Two medical examinations, one in Unnao and another in Lucknow, had already concluded that the survivor had been raped. A statement on the report of the second examination on April 14, 2018, made at Lucknow’s Dr Ram Manohar Lohia Combined Hospital, notes an absence of signs of struggle on the survivor’s body and that “sexual violence was made through penetration.... Kissing, licking or sucking of body parts and touching/fondling was made during sexual violence.”

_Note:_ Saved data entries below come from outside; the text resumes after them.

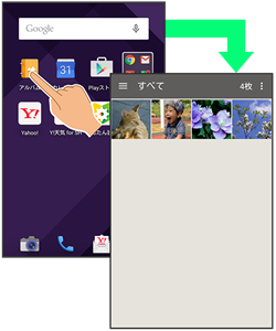 項目やアイコン、画面のキーなどをタップすると、該当する操作の画面に移動します。
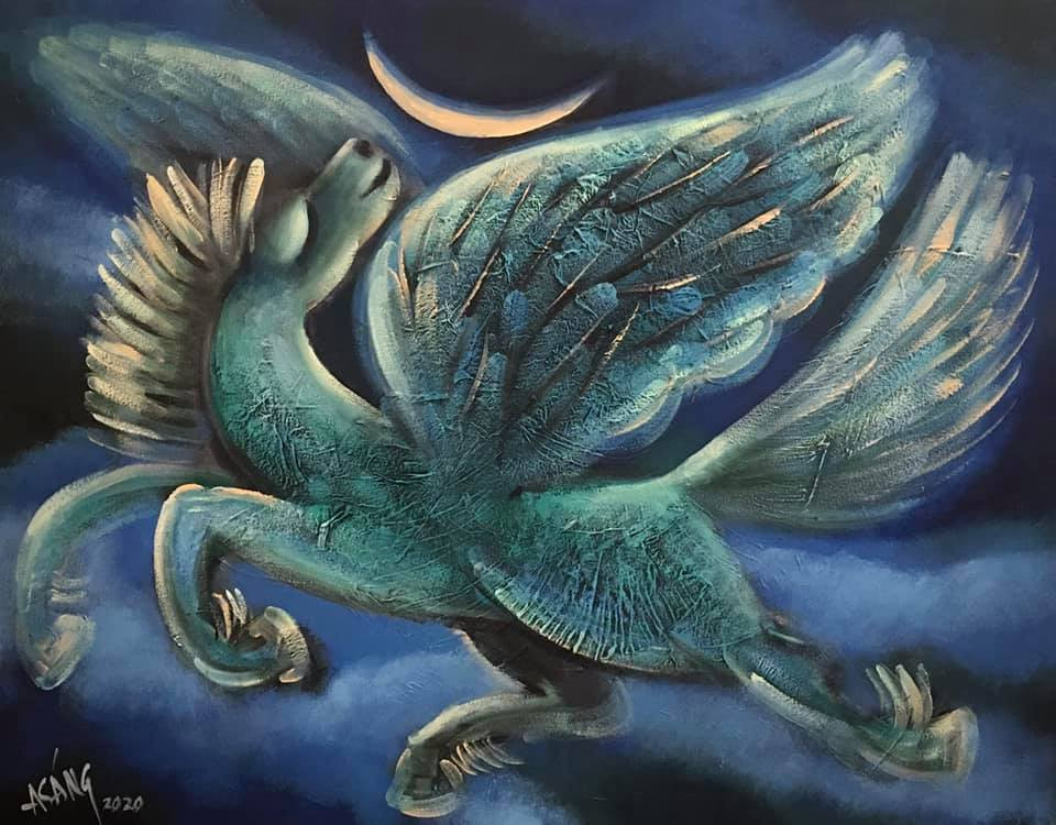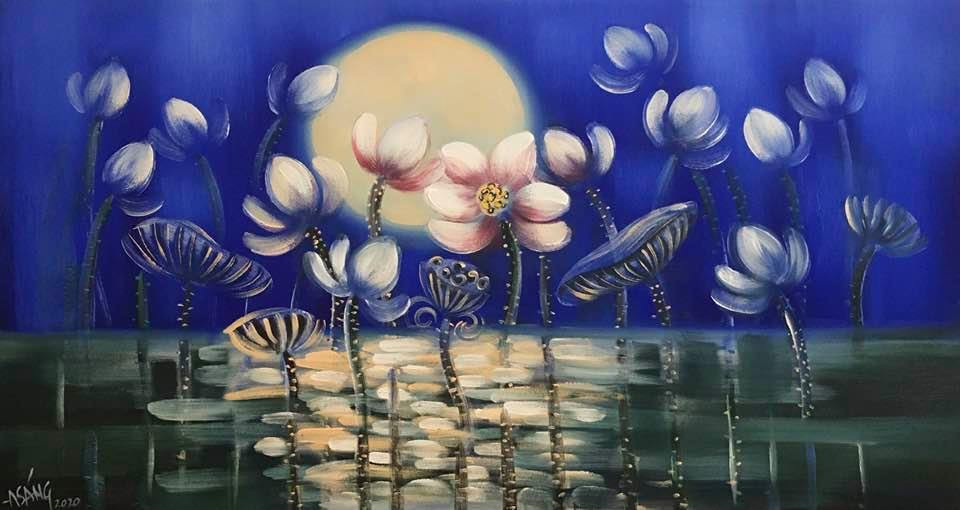 Hoàng A Sáng: Đó là điều tự nhiên. Con người mình thế nào thì nghệ thuật của mình như vậy. Tôi có ngoại hình sù sì, đen đúa vì tuổi thơ chăn bò, phải lăn lộn ở thành phố để kiếm sống. Ai gặp tôi cũng nghĩ ngay đến một gã người Tày ghê gớm, quyết liệt, thậm chí cục súc… Tôi lại thích bông đùa, ưa hài hước, hay tếu táo… Thế nên khi xem tranh của tôi không ít người bị bất ngờ, bởi sự trái ngược giữa hình thức của con người và nghệ thuật. Thực ra, sâu thẳm bên trong tôi vẫn vẹn nguyên sự êm ả, hiền lành như dòng suối của bản Pác Thay, nơi tôi sinh ra.
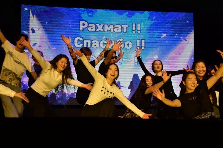 その後は若者文化を象徴する TIKTOK ダンス、アラバエフ・キルギス国立大学付属日本学院の学生による歌やダンスが披露され、現代的なエネルギーが加わりました。
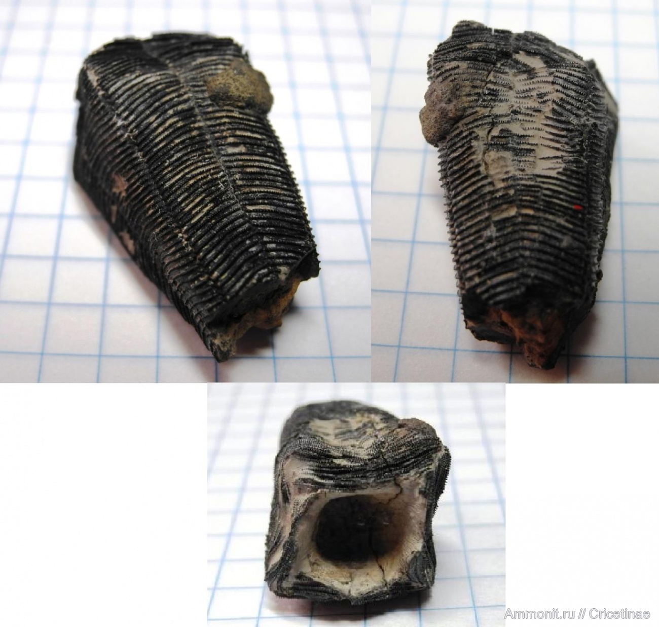 Крупная конулярия чуть менее 4 см, но к сожалению не целая. На конулярии имеется деформация, похожая на прижизненное повреждение.
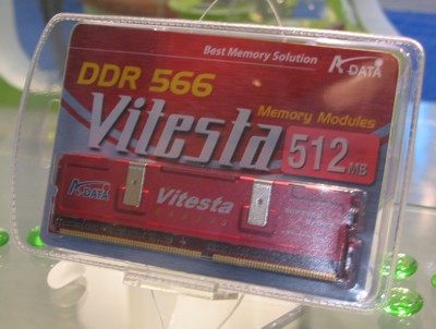 A-Data is al sinds enige tijd 'hofleverancier' als het gaat om geheugenmodules voor de testmachines in het Hardware.Info Testlab, dus een bezoekje aan hun stand mocht uiteraard niet ontbreken. Allereerst had A-Data goed nieuws voor overklokkers: voor wie zelfs DDR500 geheugen niet snel genoeg heeft, heeft de Taiwanese fabrikant nu zelfs DDR566 modules in haar assortiment! Het geheugen zal op deze manier bij overklokken absoluut niet meer de bottleneck zijn. De DDR556 zijn vanaf vrijwel direct leverbaar en worden geleverd in een nieuwe retail verpakking.
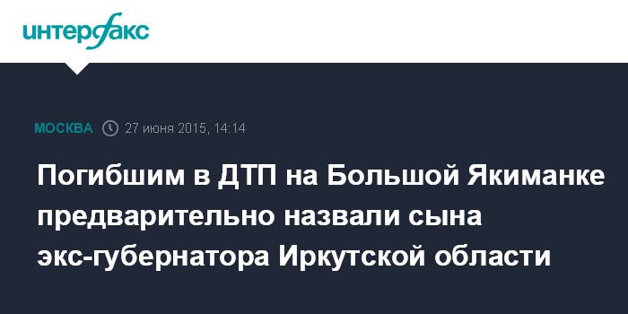 Погибшим в ДТП на Большой Якиманке предварительно назвали сына экс-губернатора Иркутской области
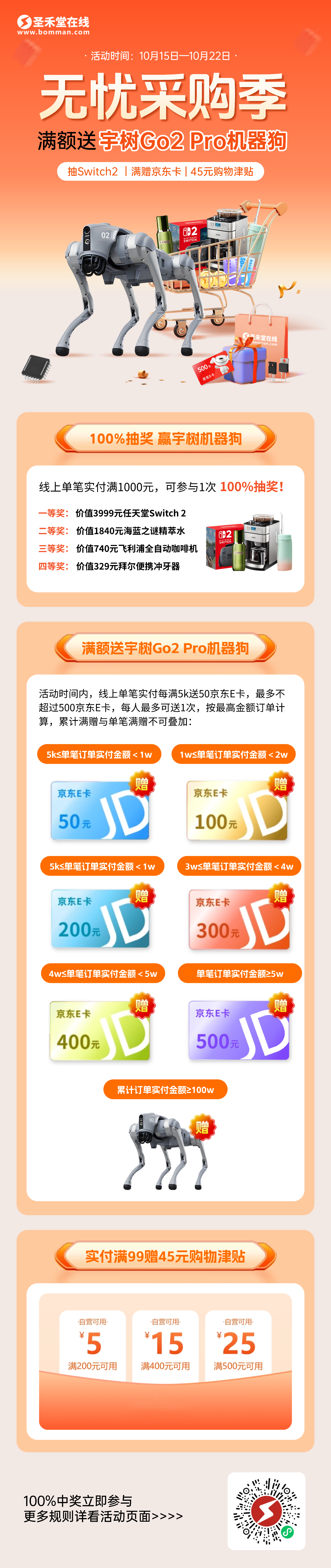 来圣禾堂在线采购电子元器件,就有机会带回超酷科技大奖——宇树Go2 Pro机器狗,还有任天堂Switch2、海蓝之谜精萃水、京东购E卡、咖啡机、净水器等豪礼等你拿~100%中奖!(详细活动如图所示)
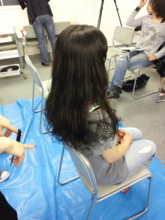 実際の仕上がりはこんなかんじでした。このモデルさんの場合は毛先にカールが欲しかったので最後の薬をつける際にロッドで巻いてしあげました。このほかにもあと2人のモデルさんを使って仕上がりを見ました。どのモデルさんもクセはしっかり伸びつつ全体の質感が滑らかで柔らかくなりました(^o^)
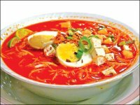 Màu trắng của bún, sắc xanh của rau, đỏ của tôm, nâu của mộc nhĩ, thêm vài lát cà chua thái múi cau cùng nước dùng ngọt lịm, cả nhà bạn đã có một món khó quên ngày cuối tuần.
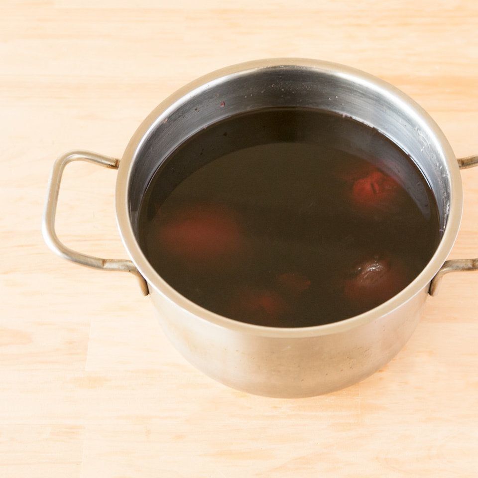 2.鍋にビーツを入れ、かぶるくらいの水、塩小さじ1/2を加えてふたをし、火にかける。沸騰したら弱火にし、40〜60分ゆでる。竹串をさしてみてすっと通ればOK。ゆで汁の中でそのまま、冷ます。
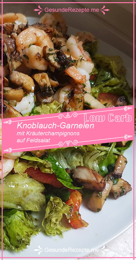 Das Knoblauchöl in einer Pfanne erhitzen, die aufgetauten Garnelen (oder eben frische) in die Pfanne geben und sofort salzen. Währenddessen die Champignons vierteln. Nach 2 Minuten die Garnelen wenden und weitere 2 Minuten anbraten. Danach die heißen Garnelen auf die zwei Teller verteilen. In dieselbe Pfanne die Champignons geben, damit sie den Geschmack gut annehmen können. Salzen, pfeffern und mit der Petersilie überstreuen. Nur 2 Minuten unter ständigem Rühren anbraten, danach auch die Pilze auf dem Salat verteilen.
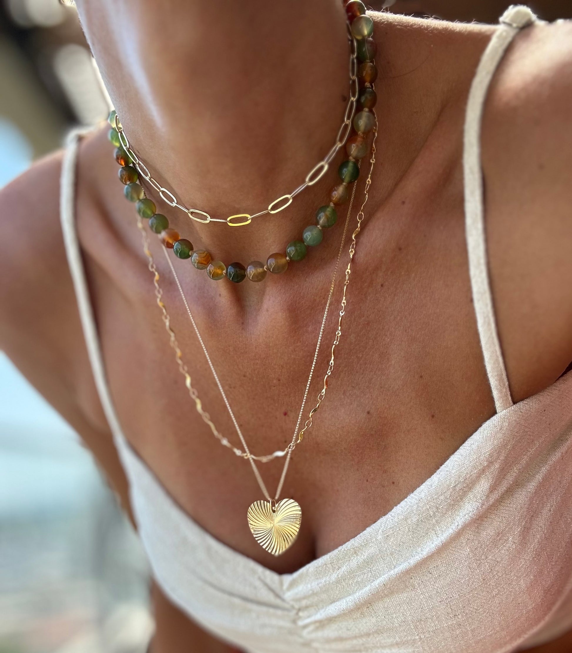 שרשרת אגט ירוק כתום- 37 ( כולל סוגר) + 5 ס"מ שרשרת הארכה
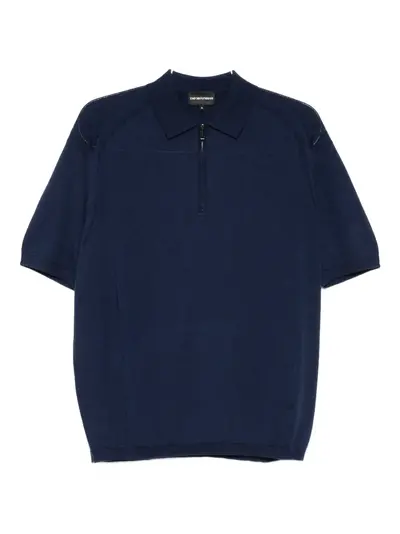 navy blue short sleeves zip detailing knitted construction straight hem polo collar
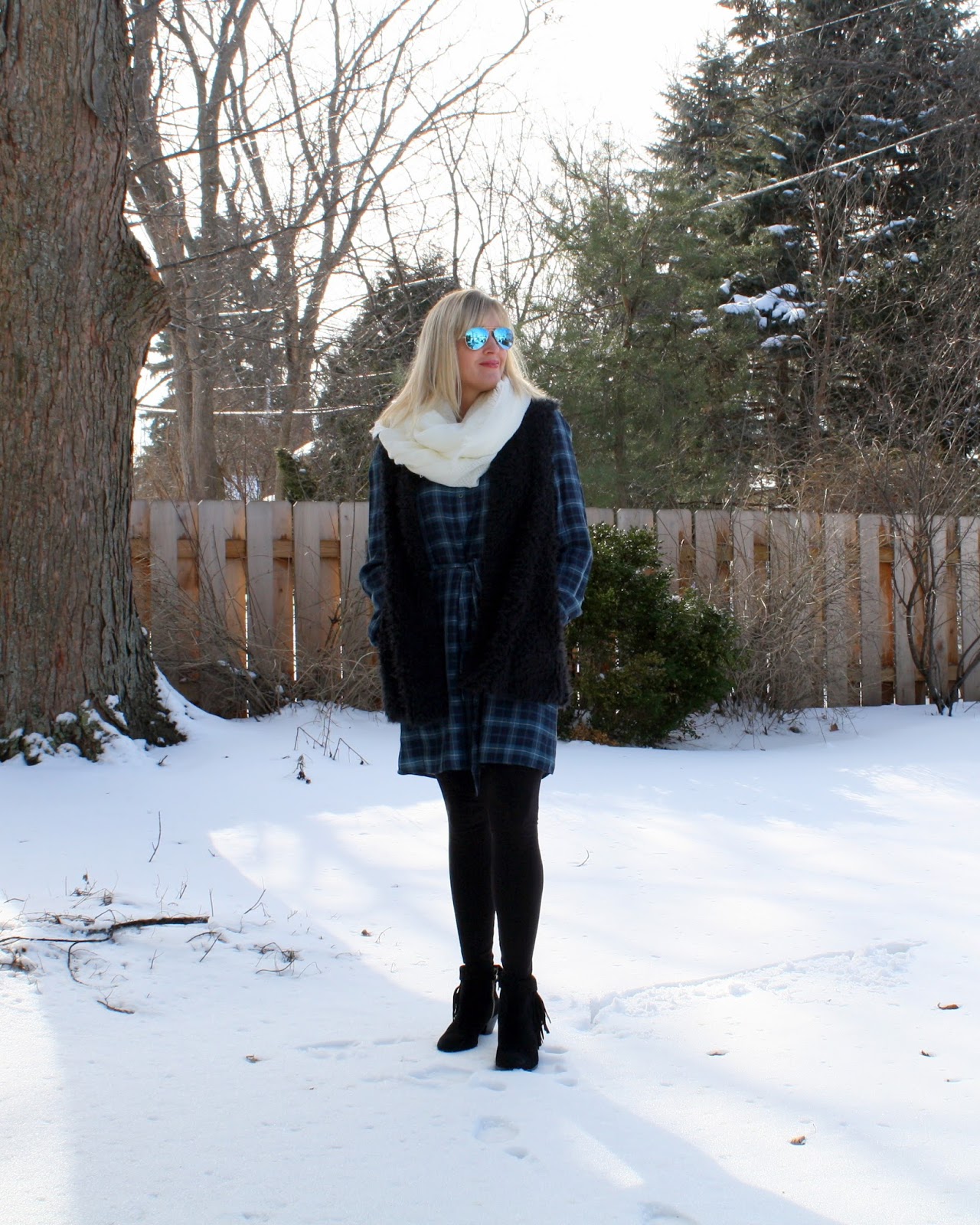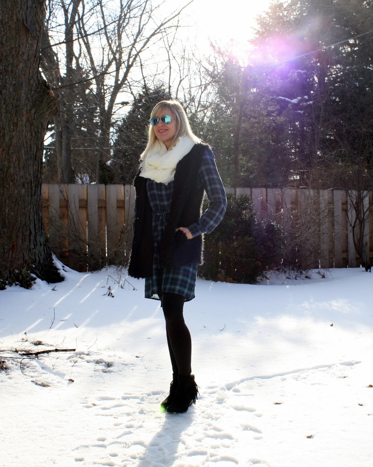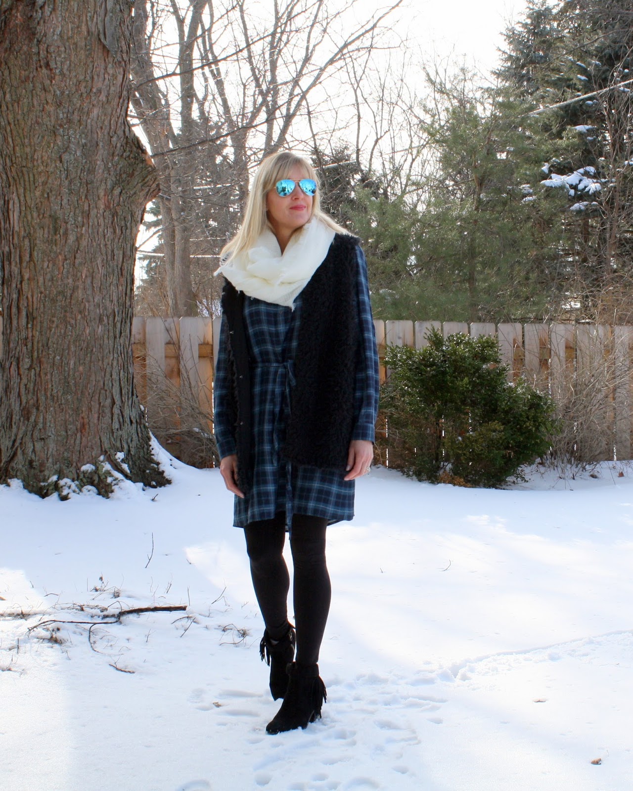 To create an effortless travel look it’s best to layer easy details like this plaid dress paired with leggings. You never want to be sitting in a meeting and spend the morning thinking you can’t wait to get to the hotel so you can change your clothes. Style an outfit that will take you through the day and onto dinner.

By the time the CBI charged Sengar with rape and kidnapping under the Indian Penal Code and Protection of Children from Sexual Offences Act (the survivor’s mother claimed that she was a minor when she was raped), she and her family had received multiple threats. A statement by the state’s police after the accident puts the number of complaints about these threats at 25; the family says it is 35. Why these were never paid any heed to is still being investigated. Four-time MLA Sengar’s political clout is evident in Makhi. His wife, Sangeeta, is the chairperson of the Unnao Zila Panchayat. Archana Singh, wife of his brother Atul, is the village pradhan (elected head). Atul is accused of assaulting the survivor’s father.

The Unnao case was also influenced by larger issues. In September 2018, the Allahabad High Court sent a letter to district courts of Lucknow and Ghaziabad, asking for details of cases registered against MPs and MLAs. It said it would guide the courts on further action. Based on this, on October 4, 2018, the special judge of the CBI Court No 4, where the survivor’s cases were being tried, asked for guidance from the Lucknow district judge. On October 24, the registrar of the High Court asked him to wait as the “matter is under consideration”. In April 2019, the special judge was transferred and the court fell vacant.

The quick movement on the case after the July 28 car accident, which left the survivor’s aunt Pushpa and Pushpa’s sister Sheela dead, is unlike what has transpired since 2017. Sadly, the survivor and her lawyer Mahendra Singh, now transferred on the Supreme Court’s order to AIIMS in Delhi from Lucknow, had slipped into unconsciousness long before her cries for help finally became audible.